Volant de succès en triomphes, Cecilia Bartoli relève un nouveau défi avec la redécouverte du compositeur italien Agostino Steffani dont l'opéra Niobe, regina di Tebe fait l'objet d'une création moderne intitulée Mission. L'album dévoilé en septembre 2012 voit la diva s'entourer de Diego Fasolis et son ensemble I Barocchisti et du contre-ténor Philippe Jaroussky.

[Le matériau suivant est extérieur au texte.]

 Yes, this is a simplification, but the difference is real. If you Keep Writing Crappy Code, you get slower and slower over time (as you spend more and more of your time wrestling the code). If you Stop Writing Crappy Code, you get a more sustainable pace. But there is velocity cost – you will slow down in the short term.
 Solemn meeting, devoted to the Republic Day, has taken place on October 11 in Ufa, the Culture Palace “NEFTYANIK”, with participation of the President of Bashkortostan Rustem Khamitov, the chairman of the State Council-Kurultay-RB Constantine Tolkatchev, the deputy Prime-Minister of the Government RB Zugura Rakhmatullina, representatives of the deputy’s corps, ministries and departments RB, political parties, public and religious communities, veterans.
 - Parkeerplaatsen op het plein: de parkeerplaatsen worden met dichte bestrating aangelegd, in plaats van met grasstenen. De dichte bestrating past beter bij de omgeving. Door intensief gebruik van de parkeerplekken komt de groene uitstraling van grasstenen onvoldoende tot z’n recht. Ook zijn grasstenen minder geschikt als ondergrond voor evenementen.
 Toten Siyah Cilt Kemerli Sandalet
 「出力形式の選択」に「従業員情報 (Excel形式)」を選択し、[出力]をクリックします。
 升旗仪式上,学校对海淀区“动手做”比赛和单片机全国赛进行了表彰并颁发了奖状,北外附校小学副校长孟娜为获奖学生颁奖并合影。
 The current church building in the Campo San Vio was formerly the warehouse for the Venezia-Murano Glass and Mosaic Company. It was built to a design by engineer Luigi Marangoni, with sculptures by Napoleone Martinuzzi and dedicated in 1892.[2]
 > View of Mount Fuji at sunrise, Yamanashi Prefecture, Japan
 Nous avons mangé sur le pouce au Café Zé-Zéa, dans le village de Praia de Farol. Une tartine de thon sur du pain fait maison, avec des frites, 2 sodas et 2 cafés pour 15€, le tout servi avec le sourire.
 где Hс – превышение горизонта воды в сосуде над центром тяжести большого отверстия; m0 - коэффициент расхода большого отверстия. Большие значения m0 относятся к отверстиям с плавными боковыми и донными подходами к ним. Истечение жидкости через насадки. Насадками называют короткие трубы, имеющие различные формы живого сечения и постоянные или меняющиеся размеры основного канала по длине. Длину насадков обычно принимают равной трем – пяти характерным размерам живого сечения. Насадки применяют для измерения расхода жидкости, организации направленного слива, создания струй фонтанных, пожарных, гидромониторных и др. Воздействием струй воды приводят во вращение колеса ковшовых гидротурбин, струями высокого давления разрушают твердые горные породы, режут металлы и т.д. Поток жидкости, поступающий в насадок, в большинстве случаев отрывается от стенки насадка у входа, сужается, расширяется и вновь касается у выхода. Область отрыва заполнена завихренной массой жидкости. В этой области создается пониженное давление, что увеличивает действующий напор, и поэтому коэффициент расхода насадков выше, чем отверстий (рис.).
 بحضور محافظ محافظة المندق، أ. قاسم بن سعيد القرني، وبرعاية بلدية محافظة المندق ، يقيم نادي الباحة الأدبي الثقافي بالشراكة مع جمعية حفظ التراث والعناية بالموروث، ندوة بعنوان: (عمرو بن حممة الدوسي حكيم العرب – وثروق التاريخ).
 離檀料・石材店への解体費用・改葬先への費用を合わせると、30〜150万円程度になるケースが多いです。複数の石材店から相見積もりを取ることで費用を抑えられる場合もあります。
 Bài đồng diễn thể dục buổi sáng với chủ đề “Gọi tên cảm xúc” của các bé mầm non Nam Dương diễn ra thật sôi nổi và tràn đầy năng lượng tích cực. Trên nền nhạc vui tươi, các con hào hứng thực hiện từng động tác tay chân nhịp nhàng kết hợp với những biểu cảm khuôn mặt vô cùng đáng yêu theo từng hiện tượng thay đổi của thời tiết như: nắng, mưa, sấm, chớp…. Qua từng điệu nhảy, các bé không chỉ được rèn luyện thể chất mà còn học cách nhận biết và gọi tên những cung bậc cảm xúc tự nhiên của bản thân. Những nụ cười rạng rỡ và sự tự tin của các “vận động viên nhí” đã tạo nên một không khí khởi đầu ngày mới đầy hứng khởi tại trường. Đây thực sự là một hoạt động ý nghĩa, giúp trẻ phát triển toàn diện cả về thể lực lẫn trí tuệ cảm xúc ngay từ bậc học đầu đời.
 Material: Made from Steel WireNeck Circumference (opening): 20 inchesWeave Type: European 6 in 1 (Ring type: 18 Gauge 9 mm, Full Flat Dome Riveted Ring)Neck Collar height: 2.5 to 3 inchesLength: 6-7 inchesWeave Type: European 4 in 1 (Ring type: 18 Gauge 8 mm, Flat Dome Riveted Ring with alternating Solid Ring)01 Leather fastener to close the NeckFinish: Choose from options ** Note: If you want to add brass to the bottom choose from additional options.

Habituée aux défis de l'impossible, la mezzo-soprano s'attaque à un mythe quand elle choisit d'endosser le rôle de Norma dans l'opéra de Vincenzo Bellini, jadis popularisé par Maria Callas. L'enregistrement réalisé avec l'orchestre de La Scintilla dirigé par Giovanni Antonini s'avère révolutionnaire dans son interprétation complète sur instruments d'époque.

Cecilia Bartoli revient ensuite à Steffani dont le Stabat Mater trouve de nouvelles couleurs sous la baguette de Diego Fasolis et les voix de Daniel Behle, Franco Fagioli, Julian Prégardien et Salvo Vitale. En octobre 2014, elle crée à nouveau la surprise avec le recueil St Petersburg, exhumant onze airs inédits de compositeurs italiens (Araia, Manfredini, Cimarosa, Madonis) ou allemand (Raupach), joués à la Cour de Russie devant les tsarines Anne Ière, Elisabeth Ière et Catherine II. En 2017 suit un duo avec la violoncelliste d'origine argentine Sol Gabetta, Dolce Duello. Le coffret Rossini qui paraît en 2018 comprend seize disques tout son répertoire du compositeur. Deux mois après sort son deuxième récital consacré à Vivaldi, dix-neuf ans après The Vivaldi Album, avec dix extraits d'opéras du compositeur vénitien.